那些跪伏的帝族修士,一個個把頭埋得更低,連呼吸都不敢大聲!

太狠了!

說殺就殺,毫不留情!

這就是天帝子的威嚴!

遠處,那三道剛剛重傷的身影,此刻臉色慘白如紙。

伏天穹、白千秋、補天缺三大帝族之主,對視一眼,眼中滿是驚恐!

逃!

必須逃!

這個念頭剛起,三人便已化作三道流光,向三個不同方向瘋狂逃竄!

“沒讓你們走。”

但此時,一道淡漠的聲音,如同天憲,在他們耳邊響起!

嗡!

方圓萬裏之內的虛空,瞬間凝固!

三人如同被無形的鎖鏈死死纏住,定在半空,動彈不得!

“天帝子饒命!”

伏天穹嘶聲求饒!

“我伏天帝族願臣服!願永世為奴!”

“我們錯了!求天帝子開恩!”

白千秋和補天缺也瘋狂求饒!

葉玄甚至沒有看他們一眼。

他隻是輕輕抬了抬手指。

嗤!嗤!嗤!

虛空中,無數道無形的力量交錯而過!

那三道身影,連同他們身後的帝族法相,同時崩碎!

血霧炸開,消散於天地之間!

三大帝族之主,就此隕落!

全場,落針可聞。

那些跪伏的帝族修士,一個個渾身僵硬,額頭冷汗涔涔而下。

太恐怖了!

抬手之間,三大九劫巔峰,形神俱滅!

葉玄緩緩收回手,目光掃過下方那片黑壓壓的人群。

“不論什麽帝族。
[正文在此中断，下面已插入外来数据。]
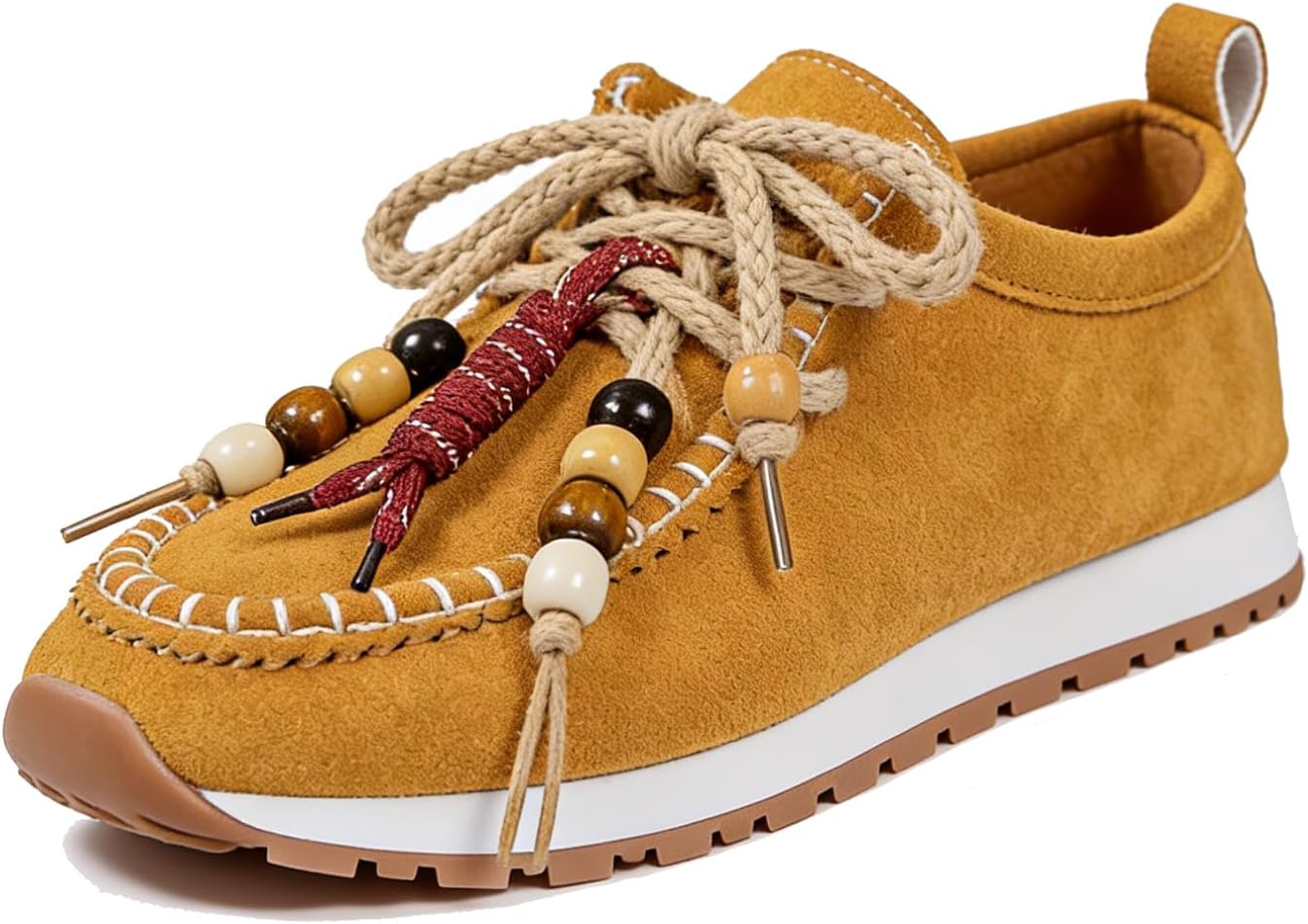 Women's Suede Platform Loafers with Beaded Retro Comfortable Round Toe Slip On Orthopedic Walking Shoes for Daily Work Driving Casual Shoes
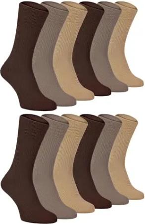 12er Pack Herren 100% Baumwolle Socken | Sock Snob | Atmungsaktive und Weiche Gerippte Schwarz Socken (46-50, Braun)
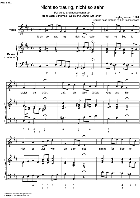 Digital Sheet Music for Nicht so traurig, nicht so sehr by Johann Anastasius Freylinghausen, Eilif Zachariassen scored for Voice/Continuo; id:325950
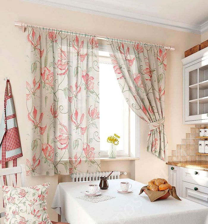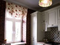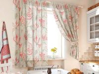 אפשרות נוספת היא וילונות בהירים עם דוגמה פרחונית או פרחונית, קשורים משני הצדדים בסרטים. נוכחות של סלסולים וסלסולים מעודדת אם החלון ממוקם הרחק מהכיריים. ישנם אתרי דפוס רבים. אפילו מתחיל יכול לתפור וילונות למטבח במו ידיו.
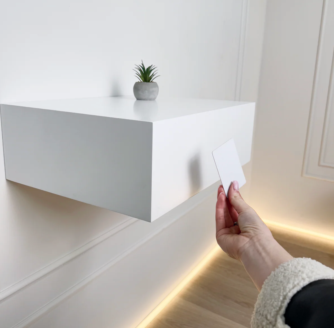 Conçus pour un accès sans effort, nos compartiments cachés sont équipés d’un système de verrouillage NFC. Approchez simplement votre carte NFC (fournie) de la serrure : le compartiment s’ouvre instantanément, pour un accès rapide tout en gardant vos objets parfaitement protégés.
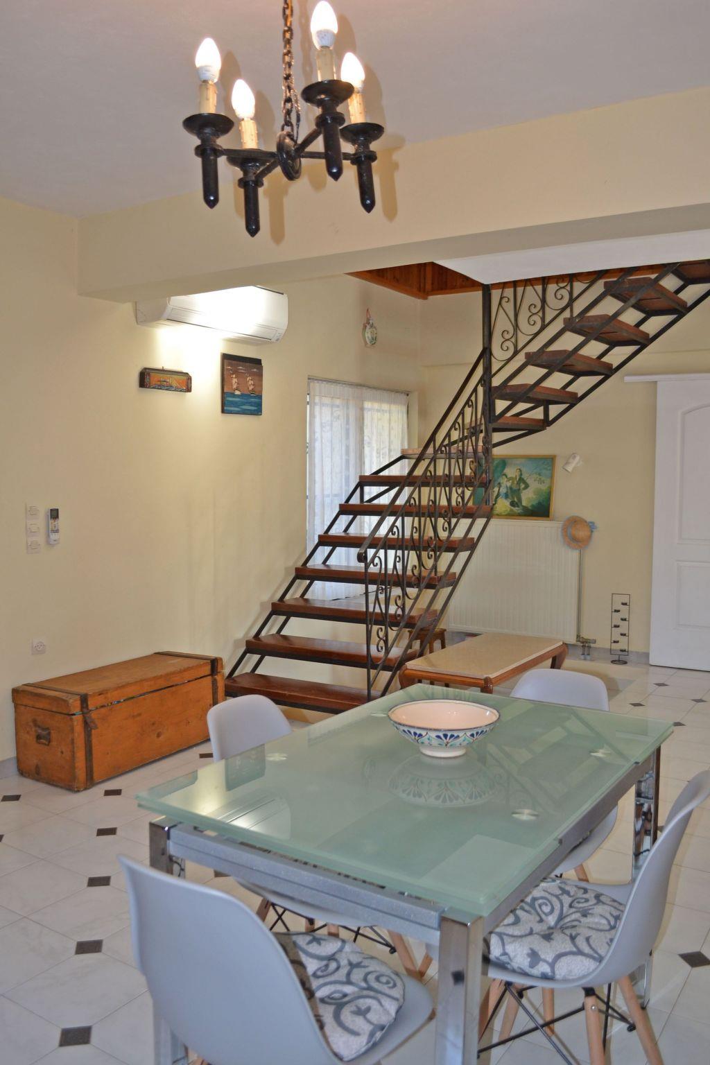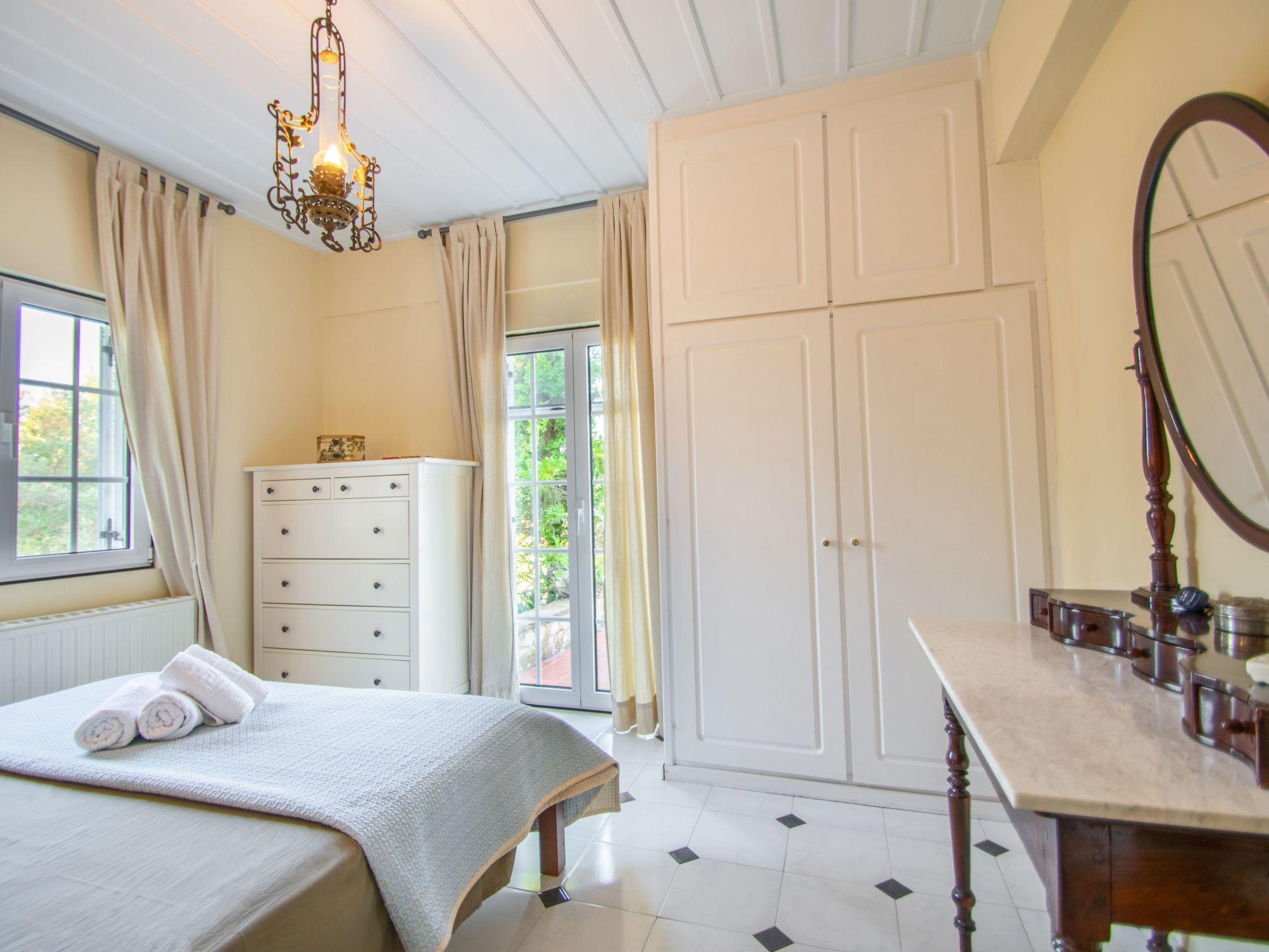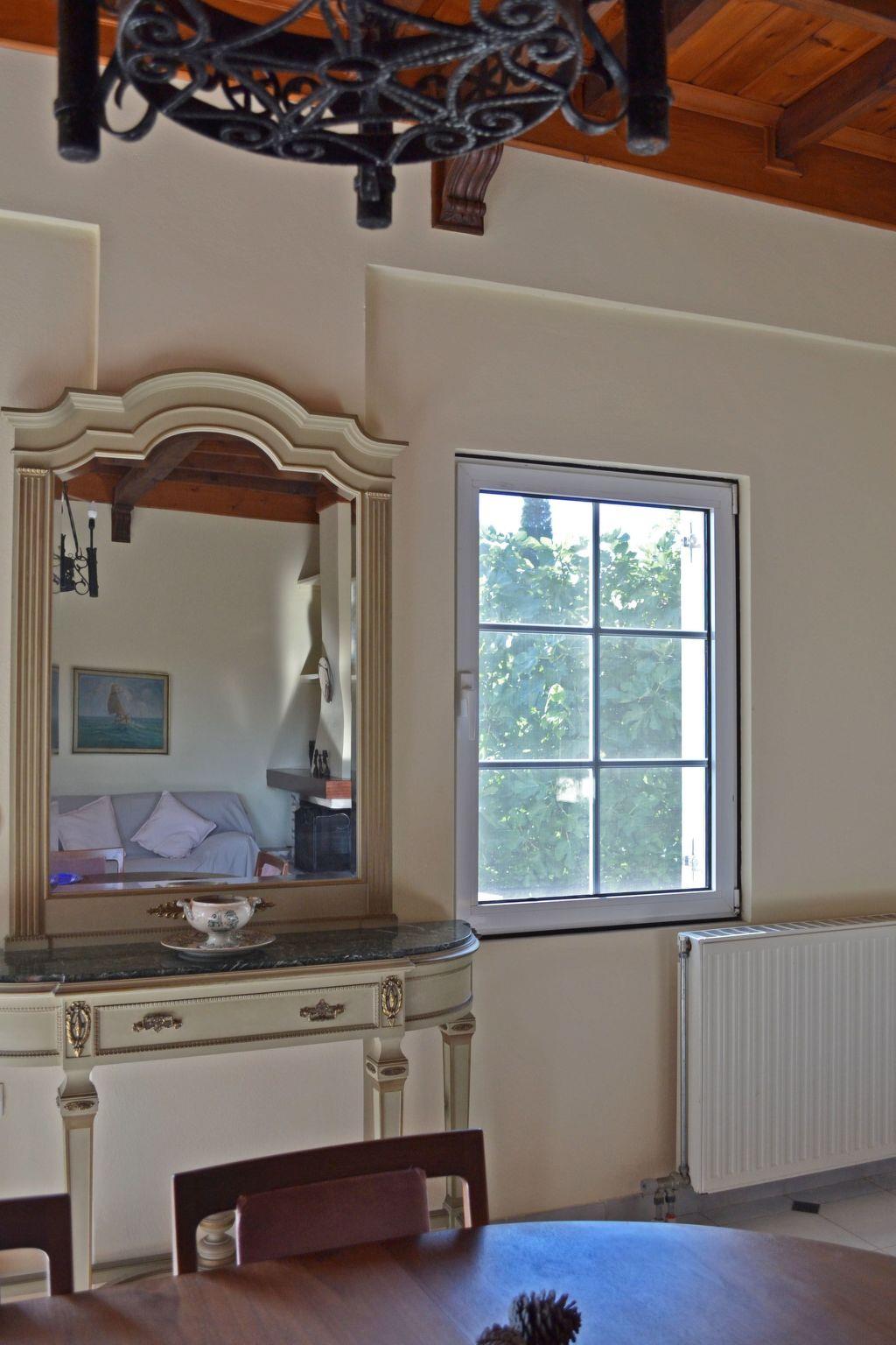 The elegant villa was built in accordance to the typical Zakynthian architecture and has only recently been fully and stylishly. It consists of three levels: ground floor, loft, and lower ground floor. The villa features four bedrooms and three bathrooms and can accommodate up to ten persons. All rooms are equipped with either air-conditioning or ceiling-fans. The ground floor has a spacious and comfortable open plan living-room / dining-room area with a fully equipped kitchen, a master bedroom with a king size bed (160 x 200 cm), a second bedroom with two single size beds (90 x 200 cm), and a bathroom with a bathtub, wash basin and toilet. The open fireplace provides a romantic ambience in the living area where you will also find a large flatscreen TV. The kitchen is complete with dishwasher, electric stove, oven, microwave, fridge with freezer compartment, kettle, toaster and coffee machine. The impressive interior staircase on the ground floor leads upstairs to the must-see, cozy loft. This open space has been converted to comfortably accommodate four persons - it is practically a separate apartment. Traditionally decorated, the loft is comprised of a double bed (160 x 200 cm), two single size beds (90 x 200 cm), a child's crib and a private bathroom with a shower, wash basin and toilet. The lower ground floor features a romantic bedroom with a vintage double bed (140 x 200 cm), a private bathroom with a shower, wash basin and toilet and a laundry area. This level may be accessed from the interior staircase on the ground floor and via its own private entrance from the yard. The villa has a washing machine, bed linen and towels are provided and WiFi is also available free of charge.
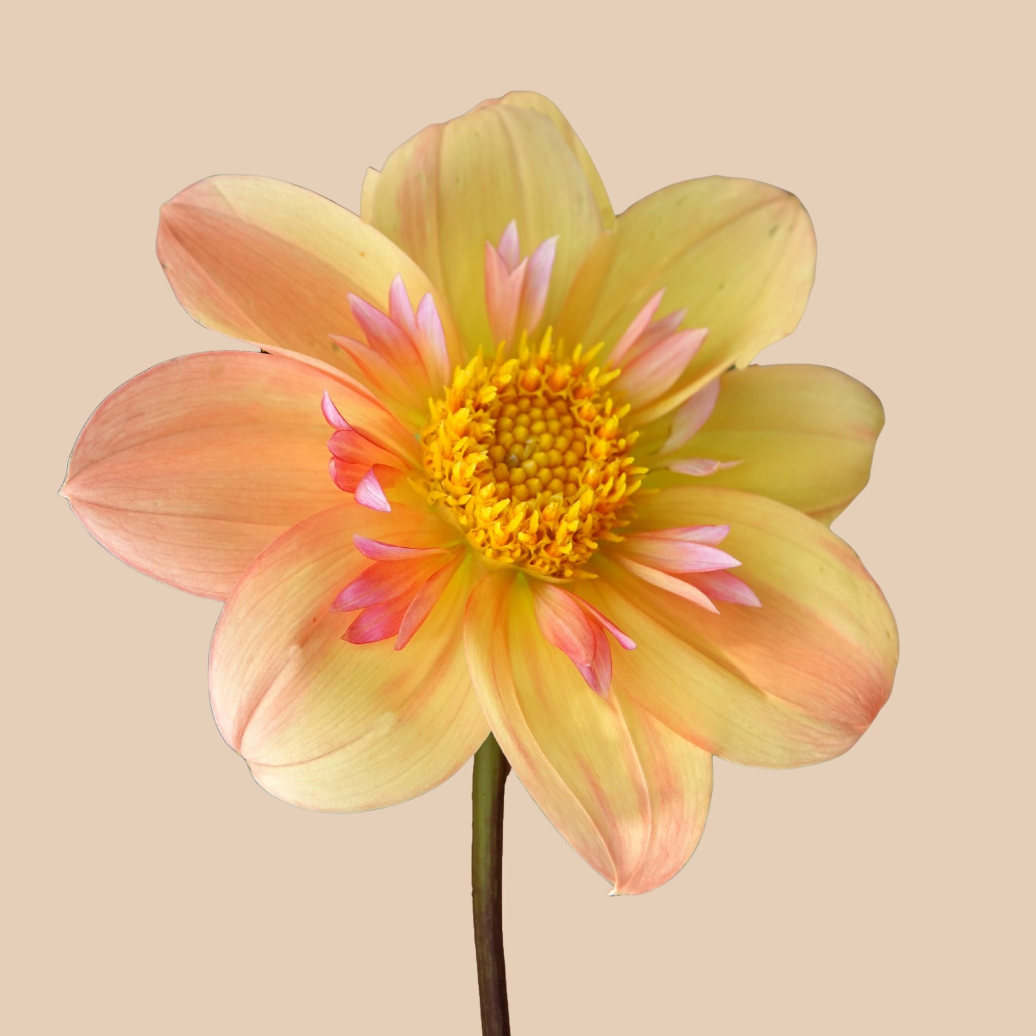 Die Dahlie ‘Kelsey Annie Joy’ ist eine sonnige und lebendige Bereicherung für dich und die Natur. Ihre einfach blühenden Blüten sind etwa 10 cm groß und haben eine warme Farbpalette aus zartem Pfirsich und Gelb, hier und da mit einem Hauch von Rosa. In der Mitte glänzt eine Krone voller Nektar, die Bienen und Schmetterlinge anzieht.
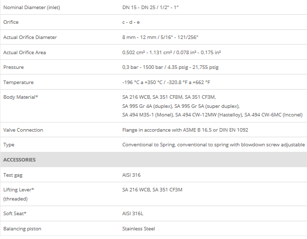 Available with threaded connections, GAS and NPT and flanged in accordance with ASME B 16.5 or EN standard is available with the following sizes: ½ “, ¾” and 1 “x 1” and set pressure up to 1500 bar. There are three orifices available to cover the different needs of pressure and capacity.
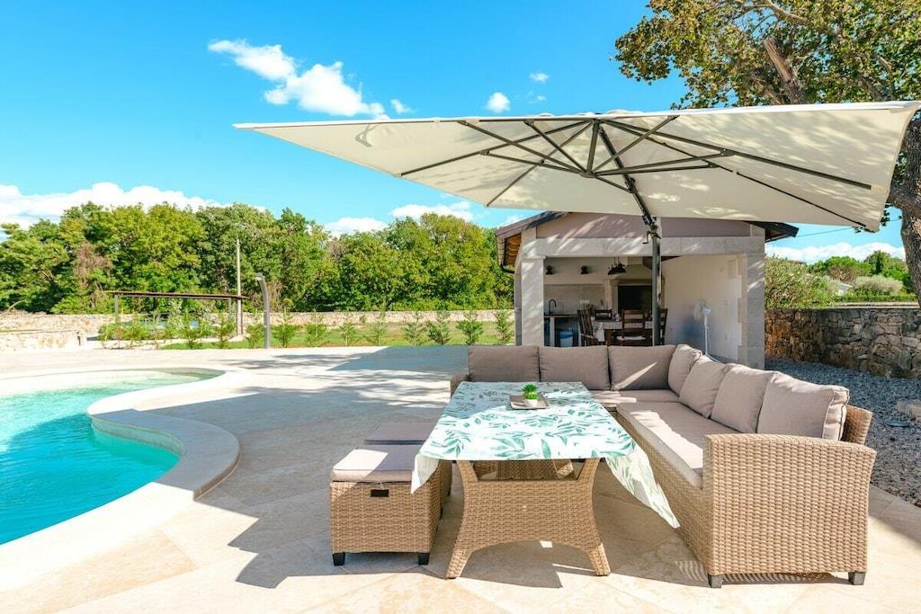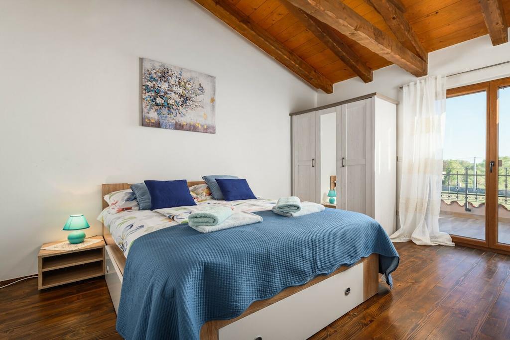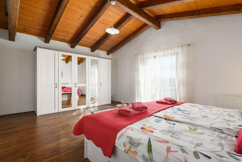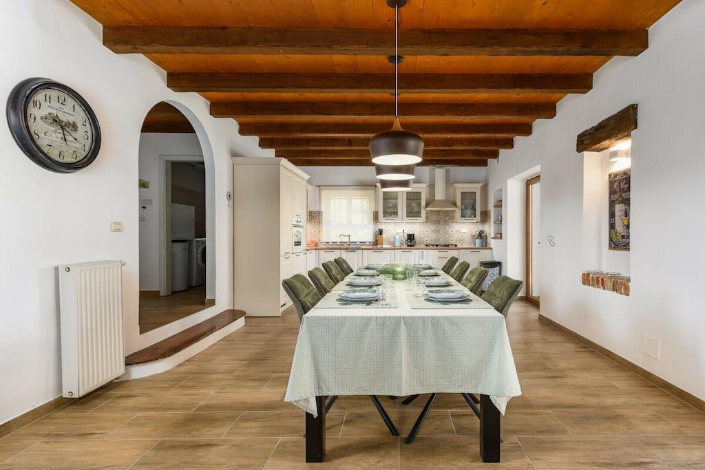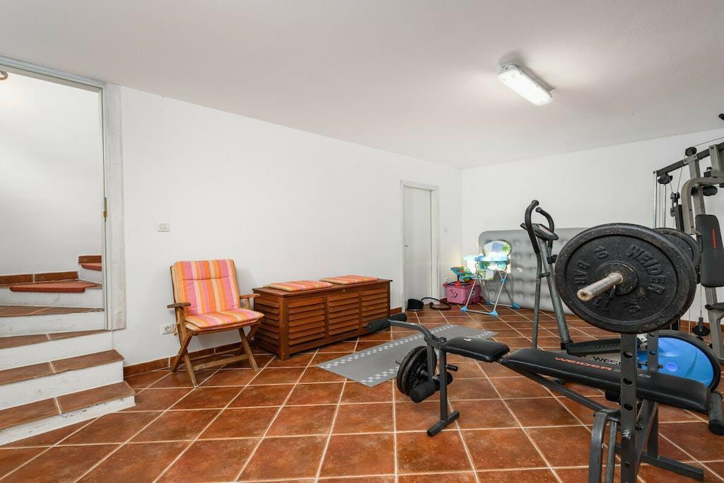 Charmante Villa Marijanin Vrt mit Pool und herrlichem Garten im Herzen von Istrien, Ribari, Tinjan. Die Villa Marijanin Vrt ist eine traditionelle istrische Villa mit Pool und einem sehr großen Garten Es besteht aus 3 Schlafzimmern mit jeweils Klimaanlage, zwei der Schlafzimmer mit eigenem Bad und einem separaten Bad im ersten Stock. Im Erdgeschoss befindet sich eine geräumige, voll ausgestattete Küche, ein großer Ess- und Wohnbereich, ein Abstellraum und eine Toilette. Es gibt auch eine Klimaanlage im Wohnbereich. Das Schlafsofa im Wohnbereich bietet Platz für zwei weitere Personen Im Wohnbereich befindet sich ein Billardtisch und im Untergeschoss befindet sich ein Fitnessraum. Wohn- und Essbereich öffnen sich zu einer überdachten Terrasse mit großem Tisch und Stühlen, Grill, Garten. Die Terrasse überblickt den Pool, den Spielplatz und die überdachte Außenküche mit einem weiteren größeren Grill, Tisch und Stühlen. Es gibt einen überdachten Parkplatz.
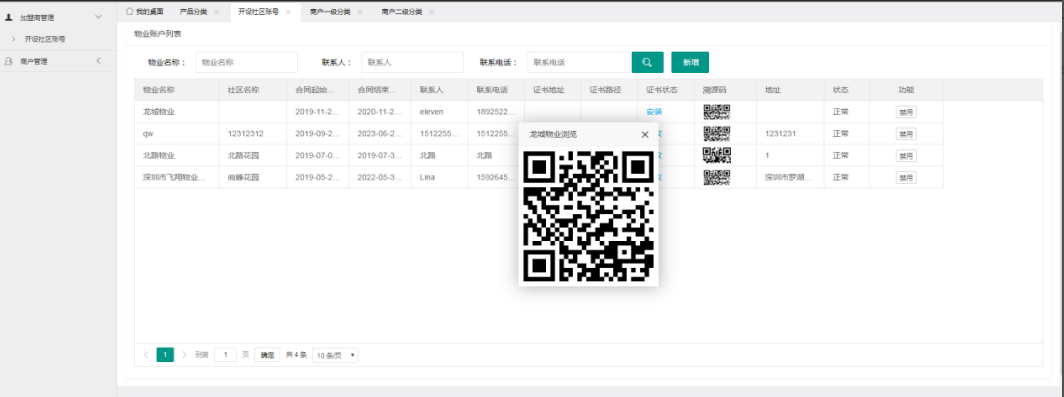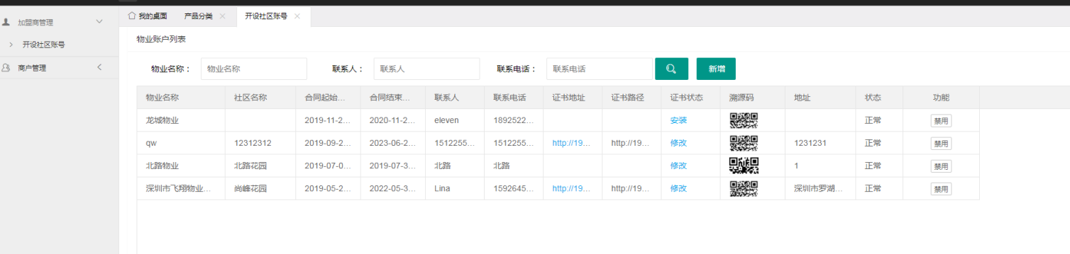 加盟商管理主要開通和禁用加盟商的賬號,并對加盟商的信息進行記錄和掃碼進入H5端。如下圖所示:
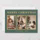 Minimalist Classic Christmas Green Three Photo Holiday Card
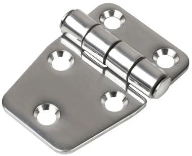 These Short Side Door Hinges are great for interior and exterior applications such as cabinets, hatches, folding tables, or seats where mounting space is tight. Constructed of corrosion resistant stamped 304 stainless steel. Installs with five #8 FH fasteners (not included).
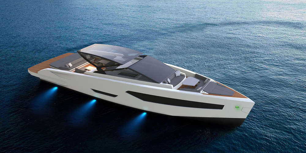 Anche questa unità, come la sorella minore di 58 piedi, presenta un Top esterno progettato per poter traslare in avanti fino a congiungersi con il parabrezza così da formare un’unica superficie per migliorare le performance aerodinamiche ed il comfort durante la navigazione a velocità sostenuta. E’ inoltre molto utile per porre la barca a ricovero o per poterla utilizzare con condizioni meteo avverse.
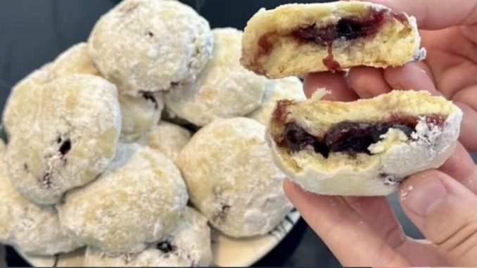 Još mlake kolačiće uvaljajte u šećer u prahu.

”

他開口,聲音平靜,卻如同寒窟。

“敢忤逆本帝子者。”

他雙眸微眯。

“這就是下場!”

那聲音,在血骨海上空久久回**。

沒有人敢應聲。

沒有人敢抬頭。

隻有無盡的敬畏與恐懼,如同潮水般彌漫開來。

葉玄不再看他們。

他轉身,帶著十位帝女,化作流光,消失在天際盡頭。

……

天庭,天虛宮。

轟!

整座宮殿都在劇烈震顫!

殿中,葉巡瘋狂咆哮,周身氣息暴走,將周圍的陳設盡數震成齏粉!

“為什麽!!”

“為什麽!!”

他雙眸血紅,麵容扭曲如惡鬼。

“葉玄!你為什麽還沒死!!”

“四萬年了!你為什麽還要回來!!”

殿外,密密麻麻的修士跪了一地,一個個大氣不敢喘,額頭抵地,瑟瑟發抖。

帝子暴怒,誰也不敢在這個時候觸黴頭。

良久。

殿中的咆哮聲,終於漸漸平息。

葉巡站在一片狼藉之中,大口喘息,周身氣息紊亂。

他低著頭,雙拳緊握,指甲深深刺入掌心。

鮮血,順著指縫滴落。

“嗬嗬……”

一道輕笑,忽然在殿中響起。

那聲音虛幻飄渺,仿佛與虛空融為一體。

葉巡猛然抬頭!

一道血袍身影,不知何時出現在他身後!

那身影虛幻不定,麵容隱在血霧之中,隻有一雙眸子,閃爍著詭異的紅光。

“葉巡……”

那血袍身影開口,聲音沙啞而陰森。

“現在,你還不作決定麽?”

葉巡死死盯著他。

“還讓我修煉你族秘法?”

他冷笑一聲,聲音中滿是譏諷。

“你沒看到嗎?”

“那葉玄,根本就不怕你們天魔!”

“他是仙體!注定要成仙的存在!”

“仙體又如何?”血袍身影嗤笑一聲,語氣中滿是輕蔑。

“我天魔族祖上,可屠仙斬神!”

葉巡瞳孔微縮。

“屠仙斬神?!”

“你確定?!”

“當然。”

血袍身影負手而立,虛幻的身形微微晃動。

“你以為你們這天外天很強?”

“告訴你,這一界,在萬界之中,隻算尋常。”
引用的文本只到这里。